> _Task_: Give back every entry precisely as written, without any of the images.

===== Dataset extract

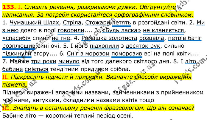 133. І. Спишіть речення, розкриваючи дужки. Обґрунтуйте написання. За потреби скористайтеся орфографічним словником. 1. Чумацький Шлях, Стріла, Стожари летять в розгойдані світи. 2. Ми з нею довго в полі говорили.... 3. «Будь ласка» не кланяється, «спасибі» спини не гне. 4. Ромашка золотиста розцвіла, петрів батіг розплющив сині очі. 5. І його підхопили з десяток рук, сильно підкинули вгору.... 6. Сніг з морозом поморозив всі на полі квіти.... 7. Майже три роки минуло від того далекого світлого дня. 8. І літо бабине сміється тендітним прядивом срібла. II. Підкресліть підмети й присудки. Визначте способи вираження підметів. Підмети виражені власними назвами, займенниками з прийменником між ними, вигуками, складними назвами квітів тощо. III. Знайдіть в останньому реченні фразеологізм. Що він означає? Бабине літо — короткий теплий період осені.
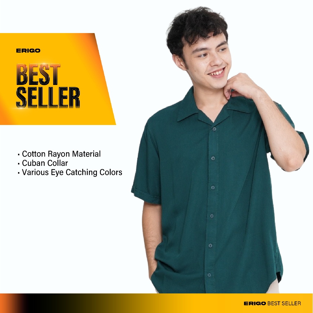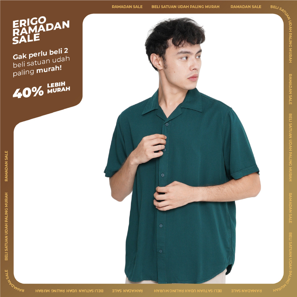 Erigo Short Shirt Nessie Dark Green - Kemeja Lengan Pendek Rayon Unisex
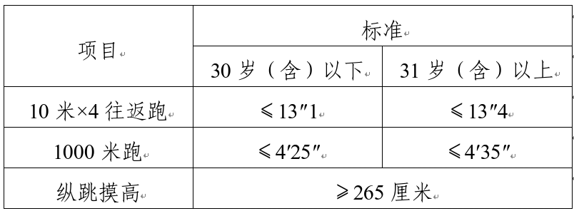 (一)體能測評前,考生應(yīng)了解體能測評的項目、標(biāo)準(zhǔn)和注意事項,結(jié)合本人身體狀況,根據(jù)個人意愿決定是否參加體能測評。確定參加體能測評的考生需現(xiàn)場簽署《自愿參加體能測評承諾書》。
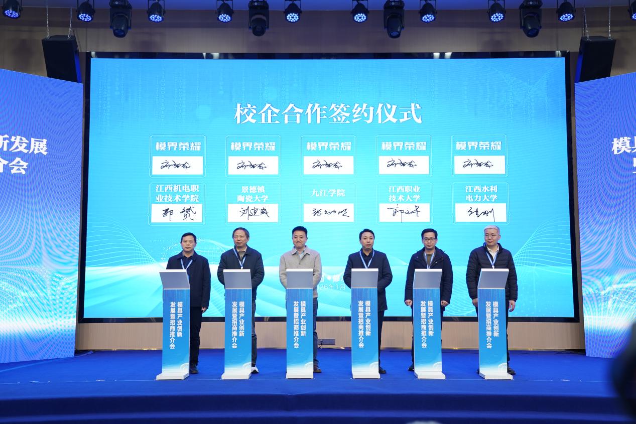 现场签约仪式由九江市政府副市长、经开区党工委书记陈水连主持。beat365官方网站、江西水利电力大学、景德镇陶瓷大学、江西职业技术大学、江西机电职业技术学院代表上台与模界荣耀科技有限公司签订了战略协议。
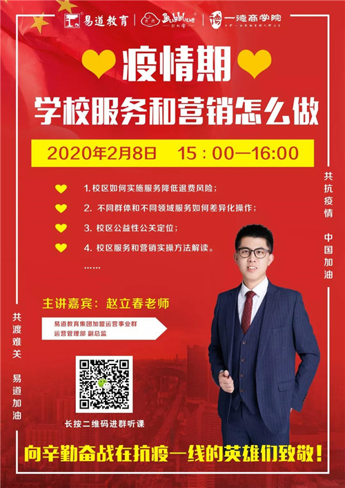 2020年2月8日下午15時,易道教育集團總部運營管理部副總監(jiān)趙立春老師,帶來《疫情期,學校服務和營銷怎么做》線上微課。幫助易道全國2000+校區(qū)校長、校區(qū)骨干,以及各教育同仁們緩解當下校區(qū)運營問題。
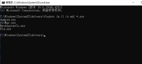 然后在该目录下打开CMD,输入[findstr /m /l /s mdl .sys],注意号前面有个空格!!!
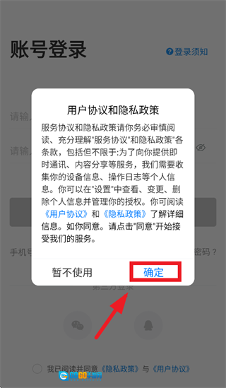 开启云中轻校,于用户协议与隐私政策提示页面点击确认。
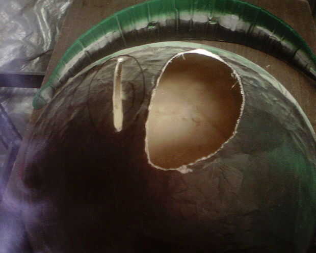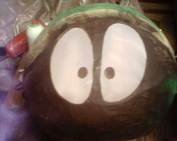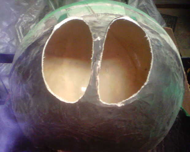 Todo este tiempo, había mantenido va en YouTube y levantando caricaturas Marvin para estudiar las formas de las cosas por lo que puedo trato de hacer las cosas bien, que también tenía el efecto algo agradable de mi disfrutando de las caricaturas todo otra vez! Practiqué su voz, ("allí iba a ser una trascendental kaboom!") estudió su falda y sus zapatos, incluso su caminata. Pero sabía que era de gran importancia para que los ojos bien. Yo había reflexionado sobre si ir tan lejos como para hacer algún tipo de manera viable de cambiar las expresiones de sus ojos y que incluso han trabajado, pero tiempo era de la esencia. No sólo estaba trabajando en mi traje, pero también tenía una exhibición yarda para acabar (ver mi otra Instructable para Halloween), por lo que los animatronics tendría que esperar para otra ocasión. Fui con la mirada amplia, casi inocente, que también tenía la ventaja de permitirme ver mejor por la mascarilla. Así, con rotulador en mano, encontré el centro de la zona de la cara y dibujó dos ojos enormes, ovalados en la superficie. Después de ajustar un poco las formas, tomé mi amoladora de ángulo (mi nueva herramienta favorita) y cortar lentamente en las aberturas hasta que fueron relativamente uniforme y lo más suave que podía manejar una herramienta de gran potencia. Realmente no es un mal oficio en absoluto! Lijar un poco los bordes para librarme de las rebabas y agudeza, tocado para arriba con más pintura negra.
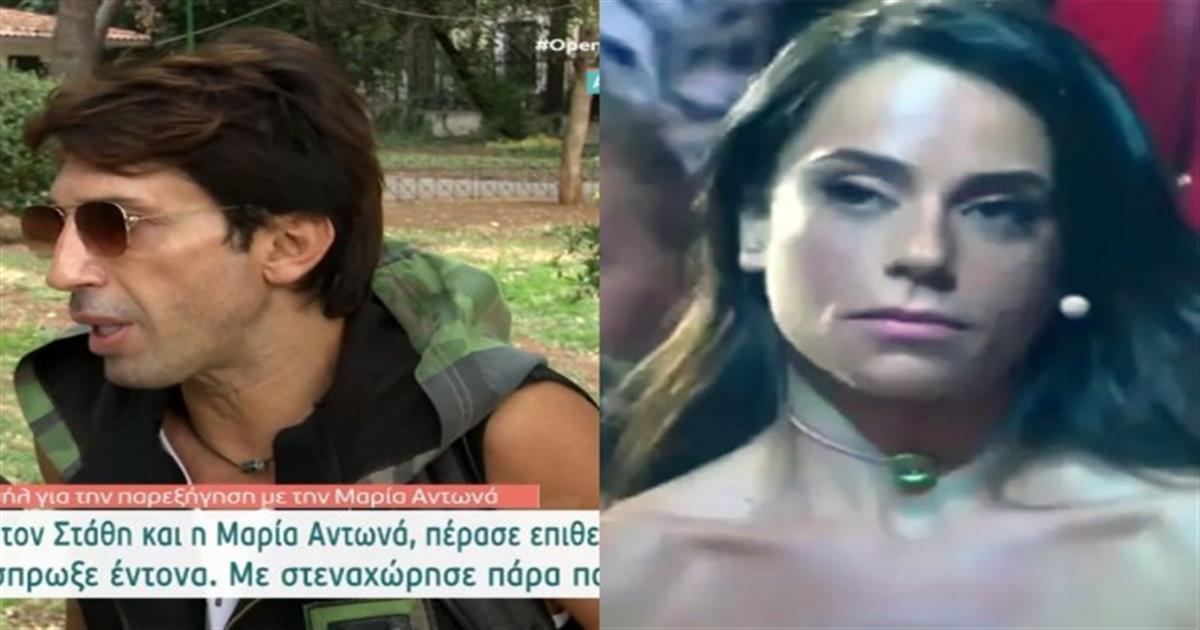 «Τον μεγαλύτερο χαμό στο Survivor τον έκανα εγώ. Έχω αυτογνωσία και είμαι έντονος χαρακτήρας. Πήγα να αγκαλιάσω τον Στάθη και η Μαρία Αντωνά πέρασε επιθετικά από δίπλα μου και με έσπρωξε πάρα πολύ έντονα. Αυτό με ενόχλησε και με στεναχώρησε πάρα πολύ. Δεν έγινε κατά λάθος, δεν είμαι χαζός. Με έσπρωξε επιθετικά για να μου δείξει ότι δεν με βλέπει καν.
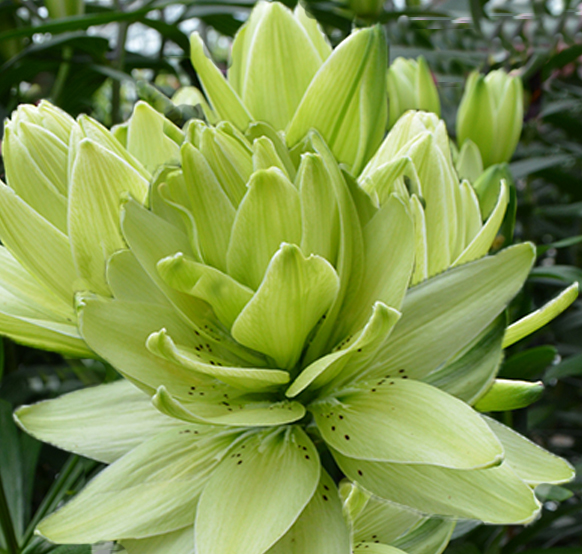 一本の茎に複数の花が咲くリリー 'ミステリー・ドリーム' は、淡い緑色の花びらを持ち、一部は深紅で繊細にしまっているものもあり、中央に深紫の花びらのサプライズがあるものもあります。花は開くのに時間がかかり、プロセスの各段階で楽しむ機会がたっぷりあります!<br />
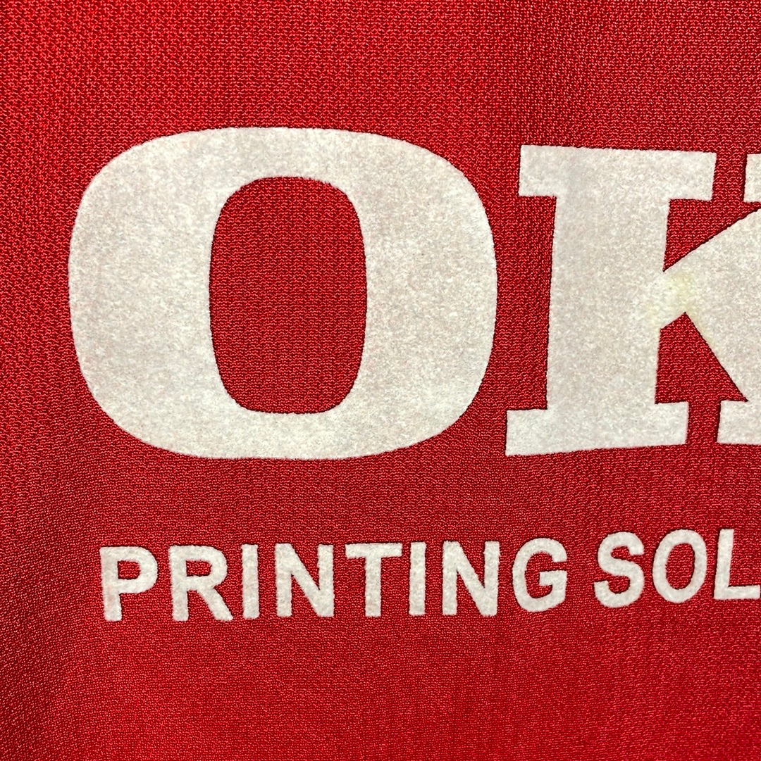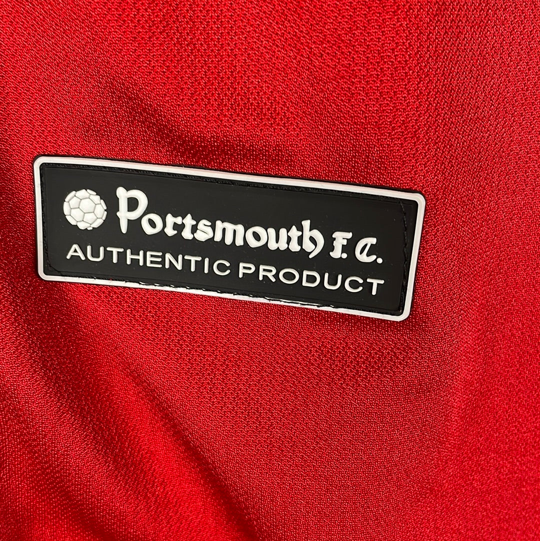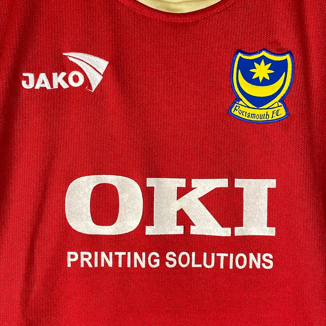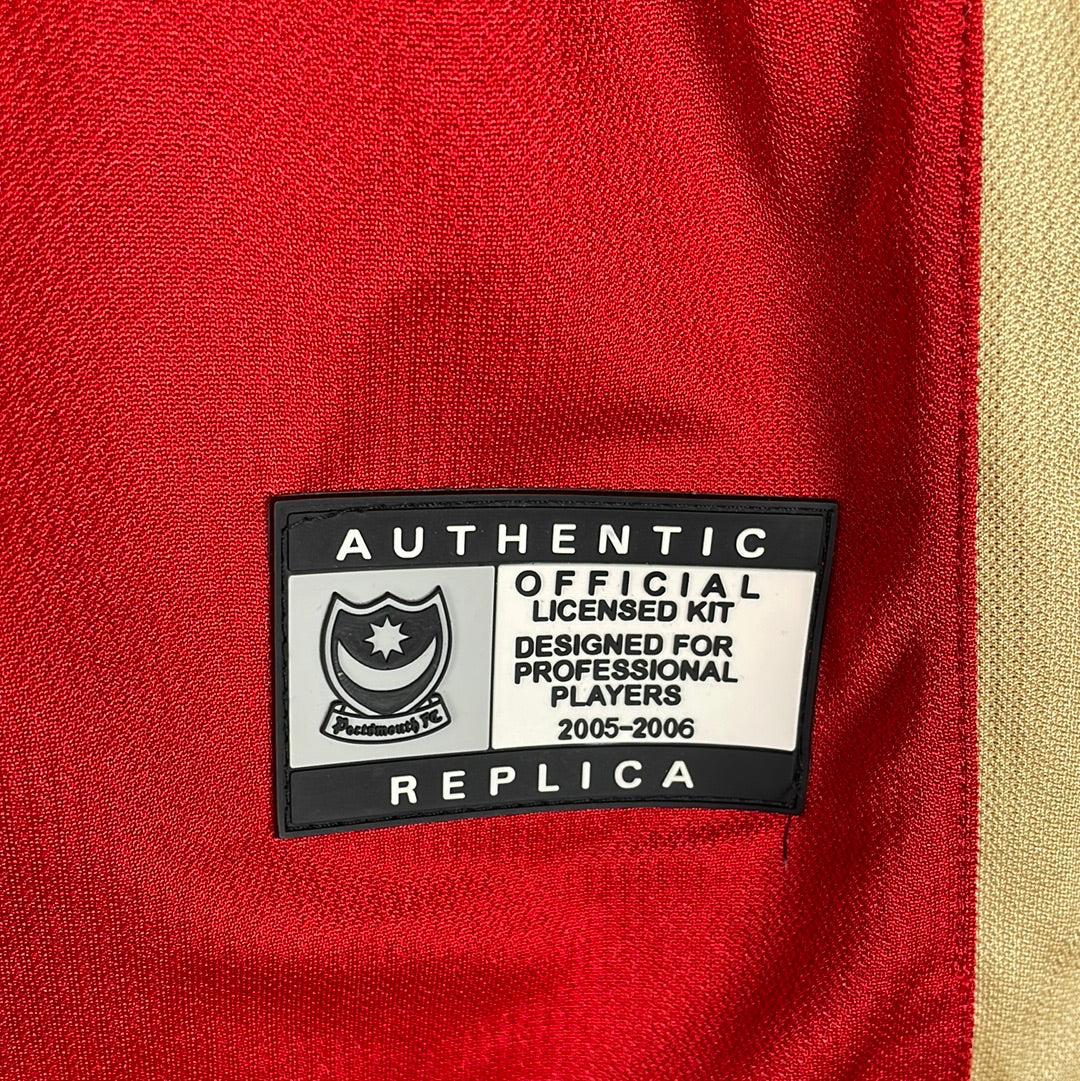 Shirt info: A long-sleeve away shirt for Portsmouth in the 2005/2006 season. The shirt is mainly red with a gold side and back trim. It is sponsored by OKI Printing Solutions. On the lower front there is a Portsmouth FC authentic rubber patch and an official licensed kit rubber patch.

==========

> _Written answer_:
 133. І. Спишіть речення, розкриваючи дужки. Обґрунтуйте написання. За потреби скористайтеся орфографічним словником. 1. Чумацький Шлях, Стріла, Стожари летять в розгойдані світи. 2. Ми з нею довго в полі говорили.... 3. «Будь ласка» не кланяється, «спасибі» спини не гне. 4. Ромашка золотиста розцвіла, петрів батіг розплющив сині очі. 5. І його підхопили з десяток рук, сильно підкинули вгору.... 6. Сніг з морозом поморозив всі на полі квіти.... 7. Майже три роки минуло від того далекого світлого дня. 8. І літо бабине сміється тендітним прядивом срібла. II. Підкресліть підмети й присудки. Визначте способи вираження підметів. Підмети виражені власними назвами, займенниками з прийменником між ними, вигуками, складними назвами квітів тощо. III. Знайдіть в останньому реченні фразеологізм. Що він означає? Бабине літо — короткий теплий період осені.
 Erigo Short Shirt Nessie Dark Green - Kemeja Lengan Pendek Rayon Unisex
 (一)體能測評前,考生應(yīng)了解體能測評的項目、標(biāo)準(zhǔn)和注意事項,結(jié)合本人身體狀況,根據(jù)個人意愿決定是否參加體能測評。確定參加體能測評的考生需現(xiàn)場簽署《自愿參加體能測評承諾書》。
 现场签约仪式由九江市政府副市长、经开区党工委书记陈水连主持。beat365官方网站、江西水利电力大学、景德镇陶瓷大学、江西职业技术大学、江西机电职业技术学院代表上台与模界荣耀科技有限公司签订了战略协议。
 2020年2月8日下午15時,易道教育集團總部運營管理部副總監(jiān)趙立春老師,帶來《疫情期,學校服務和營銷怎么做》線上微課。幫助易道全國2000+校區(qū)校長、校區(qū)骨干,以及各教育同仁們緩解當下校區(qū)運營問題。
 然后在该目录下打开CMD,输入[findstr /m /l /s mdl .sys],注意号前面有个空格!!!
 开启云中轻校,于用户协议与隐私政策提示页面点击确认。
 Todo este tiempo, había mantenido va en YouTube y levantando caricaturas Marvin para estudiar las formas de las cosas por lo que puedo trato de hacer las cosas bien, que también tenía el efecto algo agradable de mi disfrutando de las caricaturas todo otra vez! Practiqué su voz, ("allí iba a ser una trascendental kaboom!") estudió su falda y sus zapatos, incluso su caminata. Pero sabía que era de gran importancia para que los ojos bien. Yo había reflexionado sobre si ir tan lejos como para hacer algún tipo de manera viable de cambiar las expresiones de sus ojos y que incluso han trabajado, pero tiempo era de la esencia. No sólo estaba trabajando en mi traje, pero también tenía una exhibición yarda para acabar (ver mi otra Instructable para Halloween), por lo que los animatronics tendría que esperar para otra ocasión. Fui con la mirada amplia, casi inocente, que también tenía la ventaja de permitirme ver mejor por la mascarilla. Así, con rotulador en mano, encontré el centro de la zona de la cara y dibujó dos ojos enormes, ovalados en la superficie. Después de ajustar un poco las formas, tomé mi amoladora de ángulo (mi nueva herramienta favorita) y cortar lentamente en las aberturas hasta que fueron relativamente uniforme y lo más suave que podía manejar una herramienta de gran potencia. Realmente no es un mal oficio en absoluto! Lijar un poco los bordes para librarme de las rebabas y agudeza, tocado para arriba con más pintura negra.
 «Τον μεγαλύτερο χαμό στο Survivor τον έκανα εγώ. Έχω αυτογνωσία και είμαι έντονος χαρακτήρας. Πήγα να αγκαλιάσω τον Στάθη και η Μαρία Αντωνά πέρασε επιθετικά από δίπλα μου και με έσπρωξε πάρα πολύ έντονα. Αυτό με ενόχλησε και με στεναχώρησε πάρα πολύ. Δεν έγινε κατά λάθος, δεν είμαι χαζός. Με έσπρωξε επιθετικά για να μου δείξει ότι δεν με βλέπει καν.
 一本の茎に複数の花が咲くリリー 'ミステリー・ドリーム' は、淡い緑色の花びらを持ち、一部は深紅で繊細にしまっているものもあり、中央に深紫の花びらのサプライズがあるものもあります。花は開くのに時間がかかり、プロセスの各段階で楽しむ機会がたっぷりあります!<br />
 Shirt info: A long-sleeve away shirt for Portsmouth in the 2005/2006 season. The shirt is mainly red with a gold side and back trim. It is sponsored by OKI Printing Solutions. On the lower front there is a Portsmouth FC authentic rubber patch and an official licensed kit rubber patch.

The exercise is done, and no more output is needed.